# [ENTRIES SUPPLIED]

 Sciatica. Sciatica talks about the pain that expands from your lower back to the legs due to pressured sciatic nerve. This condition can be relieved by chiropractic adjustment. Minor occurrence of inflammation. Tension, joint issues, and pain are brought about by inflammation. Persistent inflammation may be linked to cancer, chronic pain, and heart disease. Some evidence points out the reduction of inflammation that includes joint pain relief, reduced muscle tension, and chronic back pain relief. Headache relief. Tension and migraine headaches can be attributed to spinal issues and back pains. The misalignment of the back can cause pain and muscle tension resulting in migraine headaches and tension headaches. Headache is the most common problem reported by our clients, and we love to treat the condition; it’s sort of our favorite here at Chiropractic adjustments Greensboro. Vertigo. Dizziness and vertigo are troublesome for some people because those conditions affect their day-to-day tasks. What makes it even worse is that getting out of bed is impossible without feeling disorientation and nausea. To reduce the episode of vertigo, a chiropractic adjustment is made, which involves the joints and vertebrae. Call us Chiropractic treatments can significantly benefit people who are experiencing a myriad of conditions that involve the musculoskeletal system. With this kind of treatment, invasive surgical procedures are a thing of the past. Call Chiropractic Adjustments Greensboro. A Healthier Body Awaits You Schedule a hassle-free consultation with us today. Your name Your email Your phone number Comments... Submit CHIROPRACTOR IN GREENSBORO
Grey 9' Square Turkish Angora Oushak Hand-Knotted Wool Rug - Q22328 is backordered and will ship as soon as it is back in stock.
...
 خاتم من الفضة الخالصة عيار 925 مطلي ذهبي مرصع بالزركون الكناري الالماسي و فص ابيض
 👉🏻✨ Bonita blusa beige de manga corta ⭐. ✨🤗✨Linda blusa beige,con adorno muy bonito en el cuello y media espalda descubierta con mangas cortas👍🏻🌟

# [REQUIREMENT]
Repeat exactly the lines above from the one with "خاتم من الفضة" up to and including the one with "con mangas cortas👍🏻🌟". No other line belongs in the reply.

# [SOLUTION FOR THIS PROBLEM]
 خاتم من الفضة الخالصة عيار 925 مطلي ذهبي مرصع بالزركون الكناري الالماسي و فص ابيض
 👉🏻✨ Bonita blusa beige de manga corta ⭐. ✨🤗✨Linda blusa beige,con adorno muy bonito en el cuello y media espalda descubierta con mangas cortas👍🏻🌟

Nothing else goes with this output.